Following that thought on food as communion.....

Daddy with a rattlesnake he killed on the golf course, using a 9 iron.
Our family is getting ready to celebrate Daddy's 90th birthday, in just a couple more weeks. We've ordered a big sheet cake, all the food you would expect at an old fashioned pot luck. Plans are being made for kids, grandkids, great-grandkids, siblings, old friends, young friends to fly in, fly down, drive up, drive over. Swanky mom-and-pop motels costing around $56 a night are being reserved, not that there's any chance of them being filled where we're going. (Yes, they have free continental breakfast, and no, they don't have a pool.)

One of the presents I have planned for Daddy is a T-shirt that says "it took me 90 years to look this good." Which is completely true - he looks sooooo great for his age! The other is a typed-up version of a journal he filled out for me 12 years ago, when he was a mere 78. I got the idea from those 'gift-in-a-jar' books, typed up a long list of questions for him, pasted them in a book and had him write his answers.

Here's one of his questions and answers that hits on my post earlier this week:

What was your favorite dish that your mother made when you were a child?
We only had this about one time a year, which was Christmas, but by far it was chicken and cornbread dressing. She would take an old hen that was about too old to lay eggs anymore and boil it for several hours, then stuff it with a dressing made from cornbread and several other things and bake it in a bread pan until it was brown. She would use the liquid it was boiled in to mix with the cornbread. If we could have had that every Sunday instead of every Christmas we would have thought we were rich.

My Grandma Fanny (Frances Lavader) kept track of her laying hens, who was falling down on production. She knew which one was next in line to have its neck wrung. She did that without flinching, plucked those feathers off, threw it into a cook pot on a wood-burning stove. She made her cornbread, likely most every day, and took that and broke it up, threw things together and came up with Chicken and Cornbread Dressing. 

A chicken certainly couldn't be sacrificed daily, but once a year she did just that, sacrificed that chicken, and cooked this special dish for her family. Then they sat at a table, likely built by my grandfather, and had Christmas dinner together. My Daddy said his mother cooked three meals, every single day, to keep her family fed. Once a year they had a meal with food as communion. 

That recipe, in my father's squiggly hand-writing, blue ink on white lined paper, is a treasure to me. A sharing of his boyhood memories, something I can pass down through the ages, in our family, for years to come.  

Michael Pollan (In Defense of Food) says one way to know if food is 'real' is to ask if it's something your grandmother would recognize. He gives Go-gurt as an example of not so much. Grandma Fanny   grew her own, including the parts with blinking eyes, and came up with this dish without going to a grocery store, or rolling down her car window and handing over a debit card. 

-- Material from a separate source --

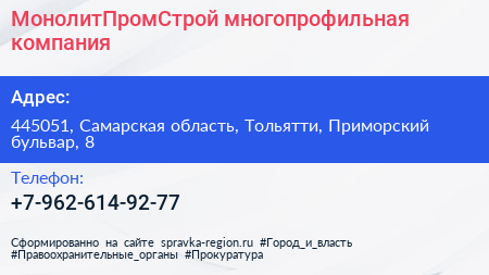 МонолитПромСтрой, многопрофильная компания по адресу 445051, Самарская область, Тольятти, Приморский бульвар, 8 в дальнейшем Организация, размещена в следующих категориях:
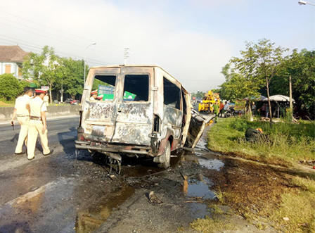 Tuy nhiên, khi ra khỏi hiện trường một đoạn thì xe ô tô 16 chỗ bất ngờ bốc cháy dữ dội. Ngọn lửa nhanh chóng bao trùm toàn bộ chiếc xe.

If you asked my kids their favorite dish, at least two would say 'Enchilada Style Chili Burros' and one might say Taco Salad or meatloaf. I wouldn't have to kill anything to recreate it for them, but I'm happy to say none of them would answer Hamburger Helper, which I mostly cooked when I was between the ages of 19 and 30 and learning to keep kids full on a budget stretched thin. 

The dishes my own mother made for us, the ones I'd love to pull up to her kitchen table and eat once more are chicken and dumplings, cornbread, potato soup, and coconut cake baked once a year, every June, just for me. Even the tuna casserole my mother fed us was made from scratch, not from a box like it is today.

So what's your favorite meal from childhood? What do you remember? Can you go back as far as your grandmother and remember the meal that said, "I love you, I'm glad you're here with me."? Was it real, honest to goodness food? And what would your own kids answer if you asked them?